Abstract

Introduction: Global access to mechanical thrombectomy for large vessel occlusion (LVO) stroke is low and disparate between regions. Comparative global data on time metrics for imaging and endovascular treatment (EVT) performance, as well as the reasons for excluding EVT, are lacking. Methods: This is a cross-sectional study using quality metrics from the Res-Q registry on patients presenting directly to the hospital with acute ischemic stroke from January 1, 2022, to December 31, 2022, in countries with 200 or more cases. We used descriptive statistical methods to study the time metrics of interest including door to imaging and door to puncture. Additionally, reasons for not performing thrombectomy in patients with LVO were collected (Table 1).

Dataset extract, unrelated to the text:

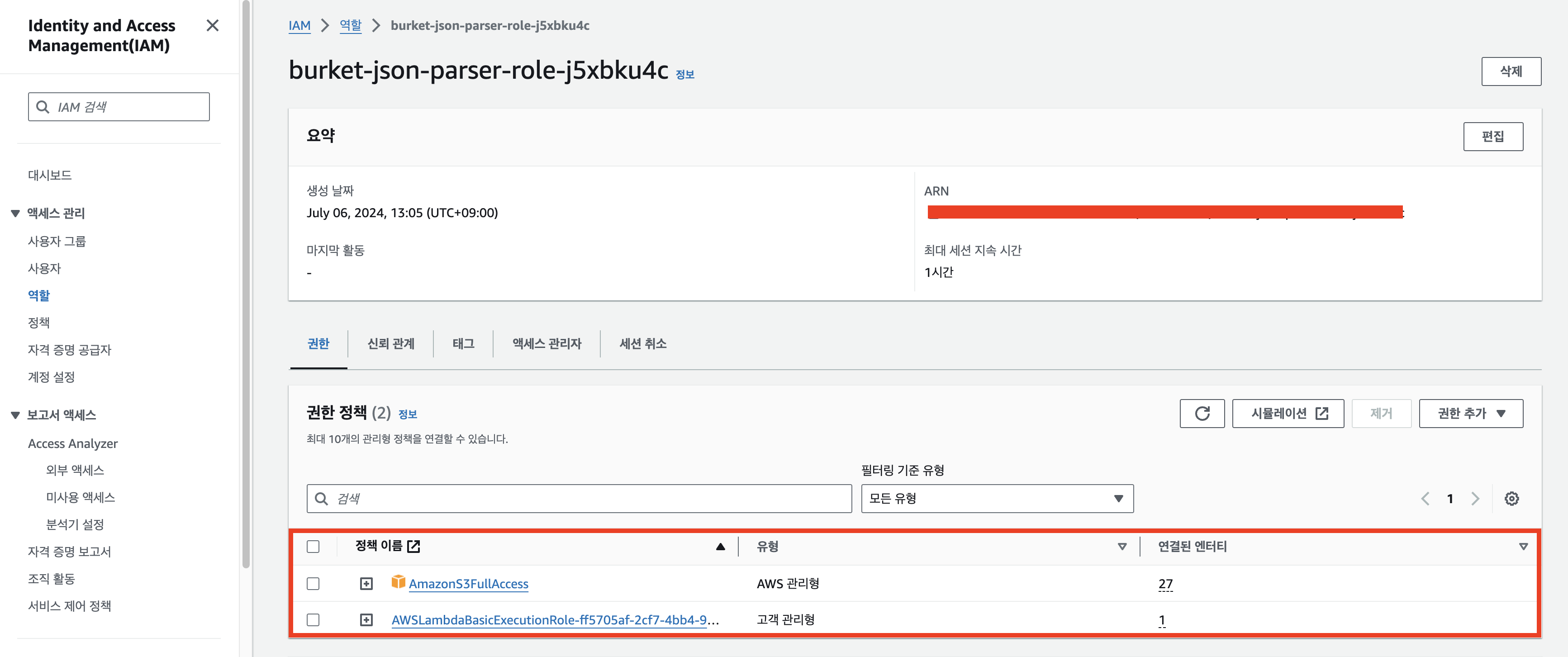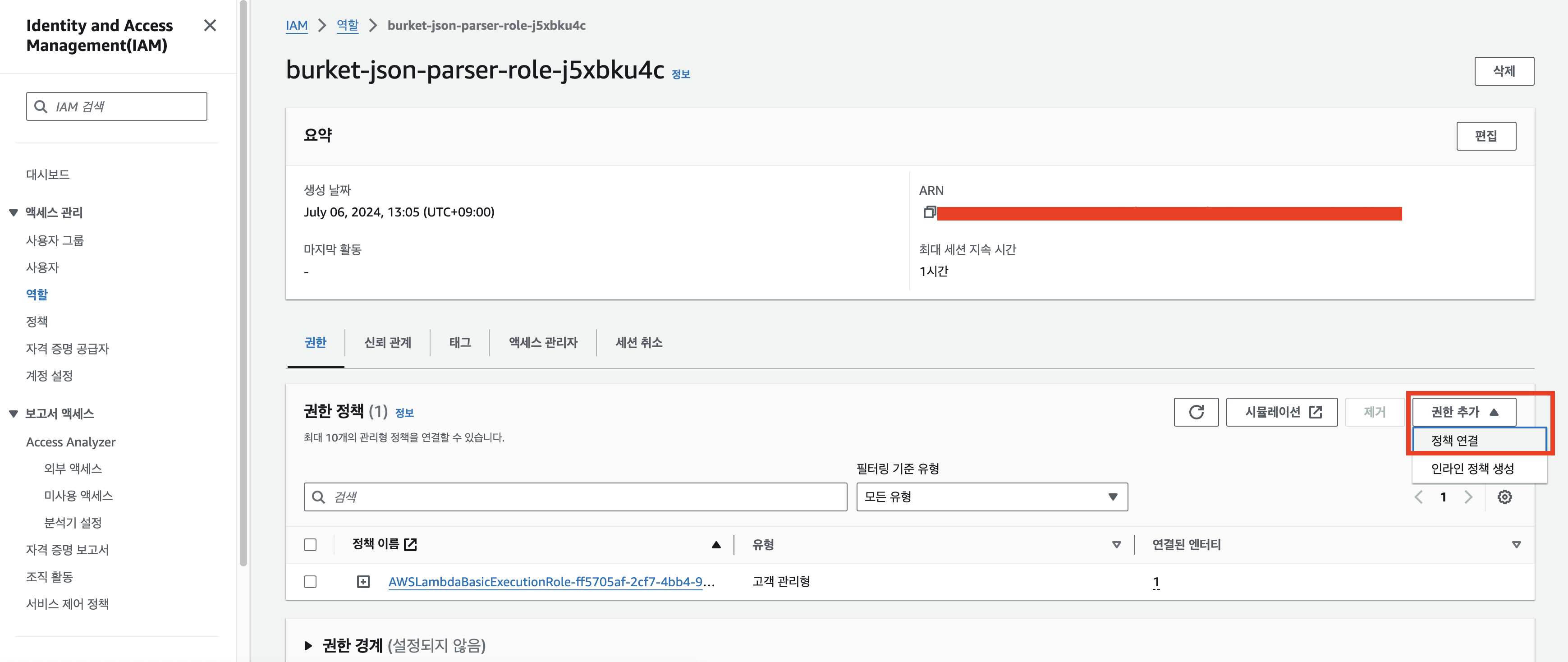 5) Lambda 서비스(S3 Bucket) 접근 권한 추가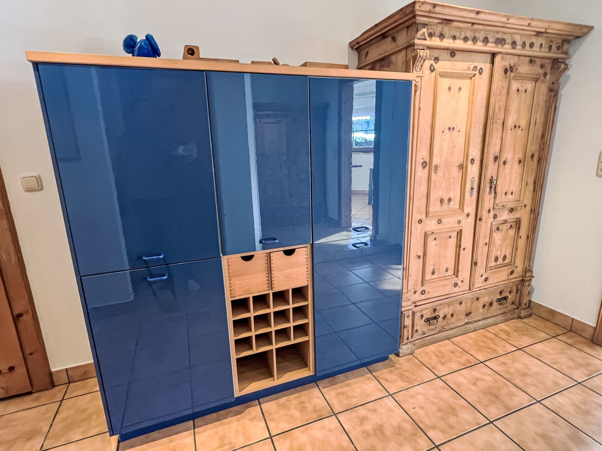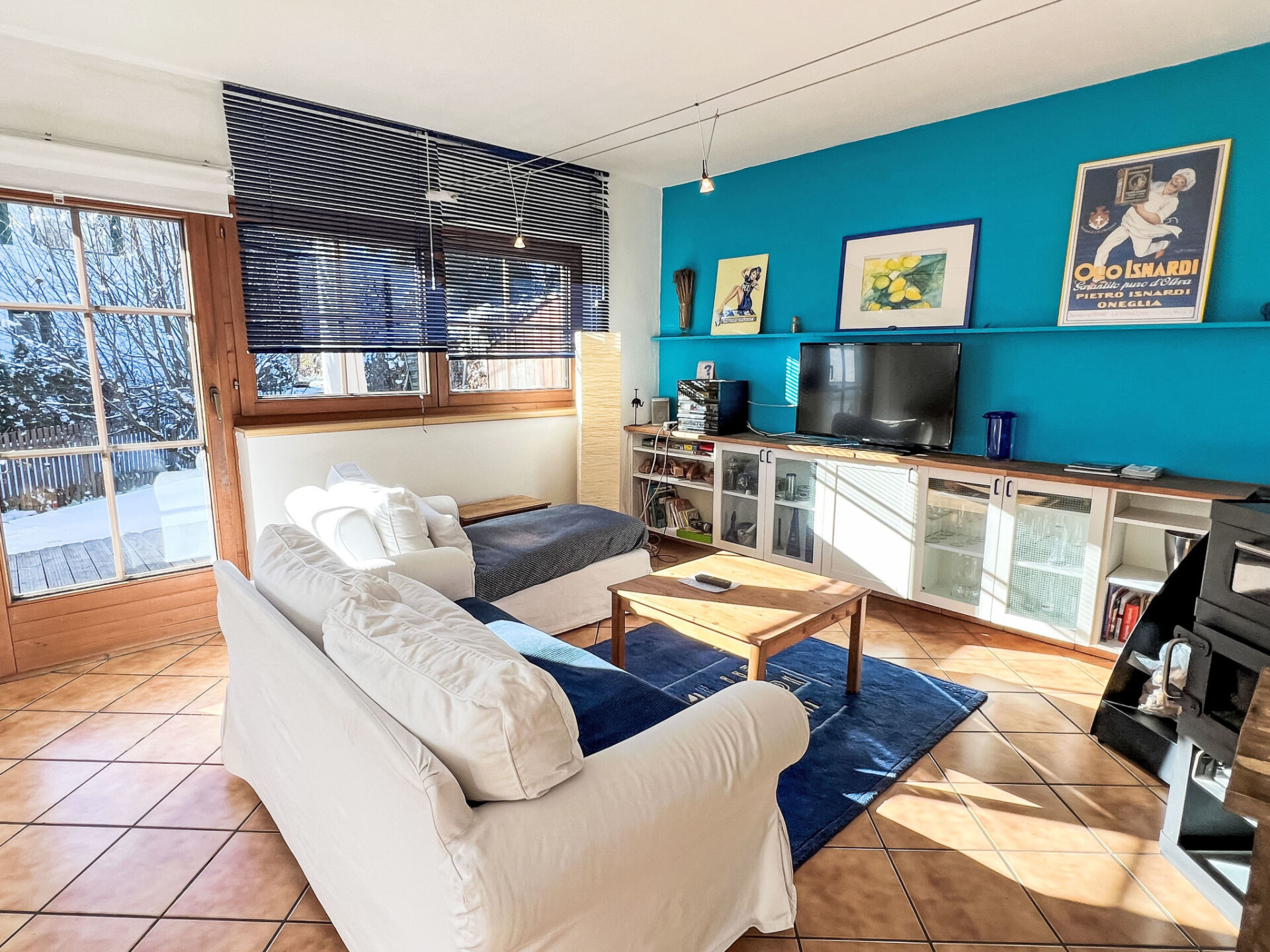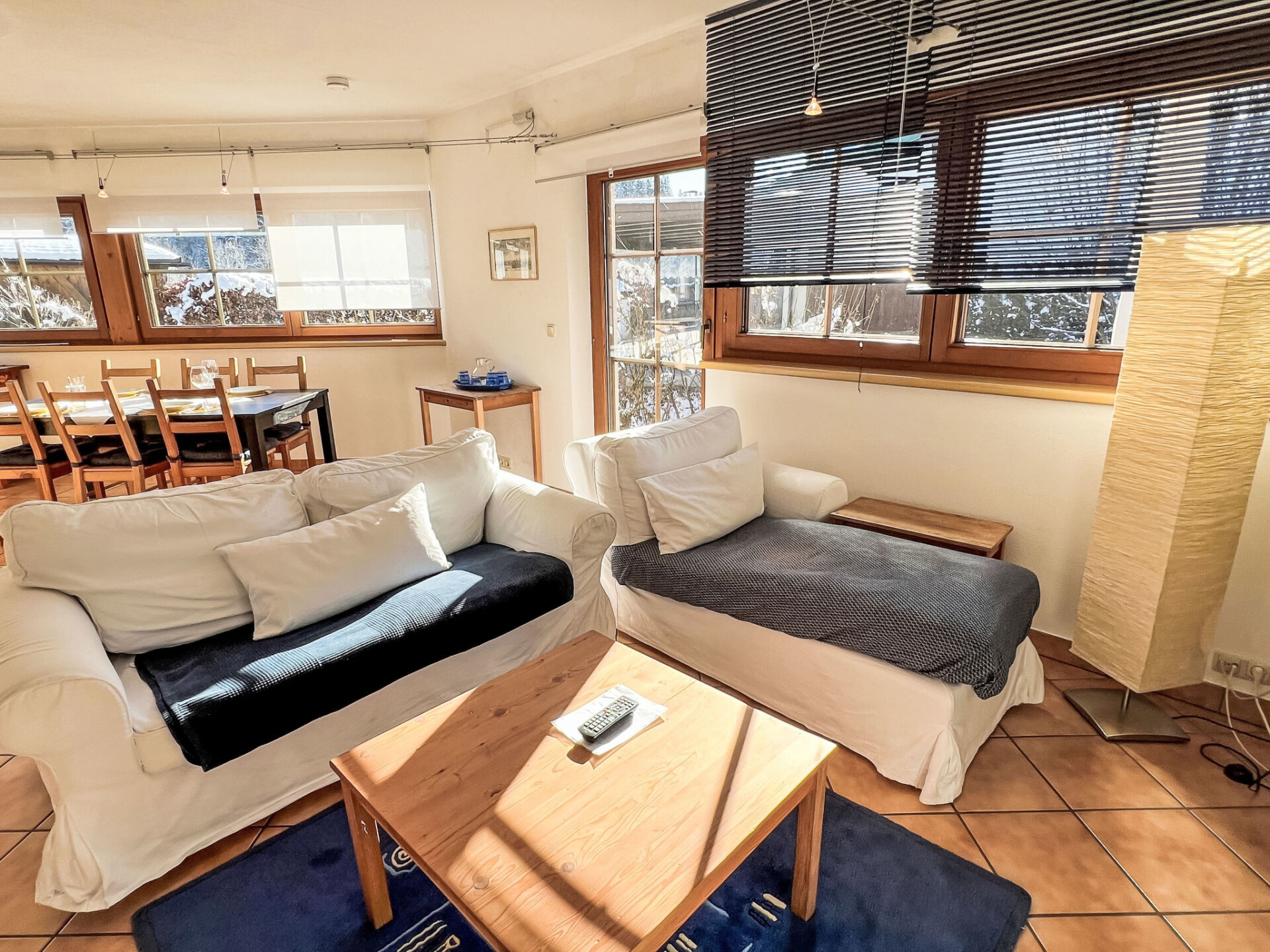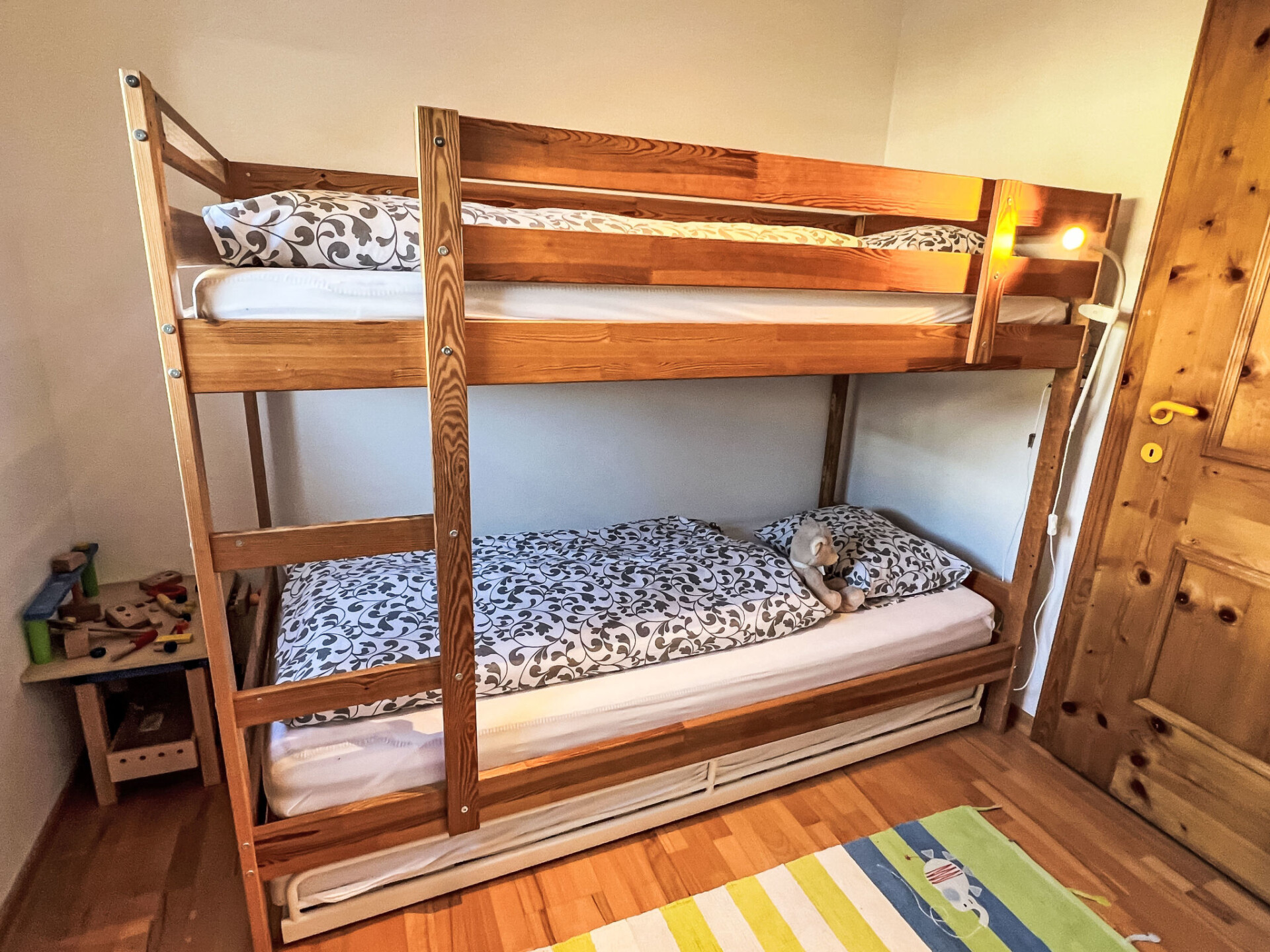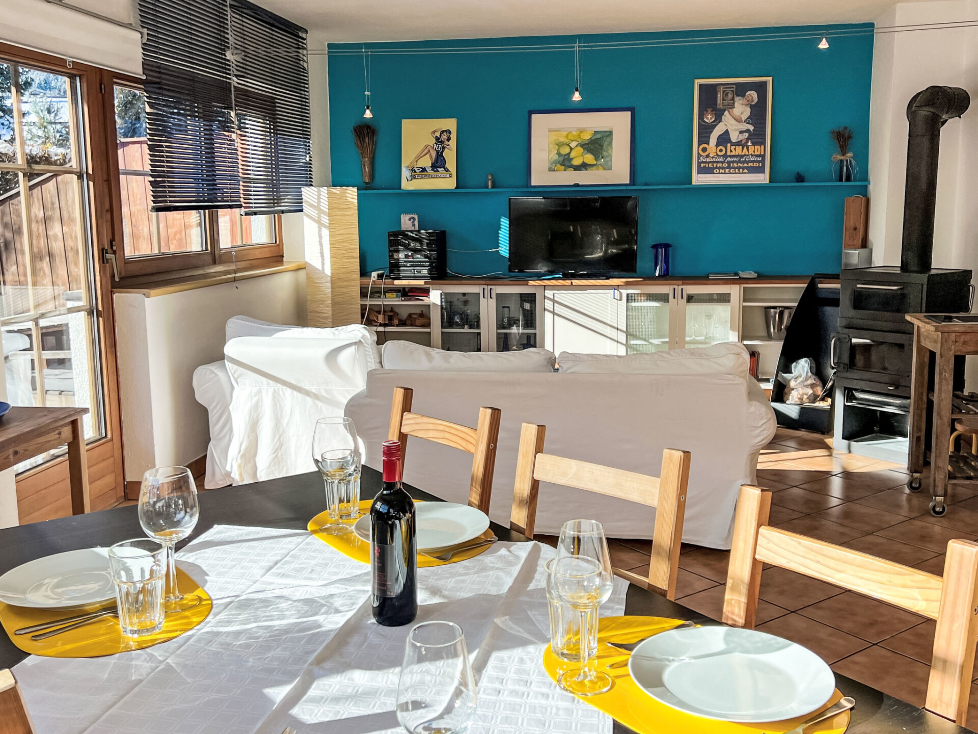 "Blauer Elefant", appartement 4-kamers 108 m2, op de begane grond. Smaakvol ingericht: woonkamer met zwedenkachel en TV. 1 2-pers. kamer met douche/WC en TV. 1 kamer met 1 x 2 stapelbedden (90 cm, lengte 200 cm). 1 kamer met 1 2-pers bed (130 cm, lengte 200 cm). Open keuken (oven, afwasmachine, 4 keramische glas kookplaten, broodrooster, waterkoker, magnetron, fondue Set (chinese)). Bad/WC. Olie-verwarming. Houten vloeren. Terras 50 m2. Terrasmeubelen, elektrische barbecue. Zeer mooi panoramazicht op de bergen. Ter beschikking: wasmachine. Internet (WiFi, gratis). Niet rokers woning. Rookmelders, brandblusser.

Results: Among the 153,181 patients from 912 hospitals across 67 countries enrolled in the Res-Q registry, 125,390 had an acute ischemic stroke. After excluding secondary transfers (n=26,648), patients with missing or erroneous data (n=42,232), and countries with less than 200 cases (n=1,626), data from a total of 54,884 patients from 631 hospitals across 30 countries were analyzed. CT angiography (CTA) was performed in 24,215 (44.1%) patients and EVT was done in 3,649 (6.6%) patients. For patients who had simultaneous CT+CTA, the median door-to-CTA time was 27.5 min (IQR 22.5-33.9) and the median door-to-puncture time was 98.5 (IQR 79.8-129.3) minutes. The most prevalent specific reason for excluding EVT in patients with LVO on CTA/MRA was the presentation in the late time window (42.0%). Only 11 (36.7%) countries achieved a median door-to-puncture time within 90 minutes (Table 1). Conclusions: The performance of acute imaging for LVO detection and time metrics for EVT appear to be disparate between countries and warrant further study. Additional data from global stroke care quality registries are needed to set benchmarks, compare regional stroke systems of care, and identify gaps to mobilize resources appropriately.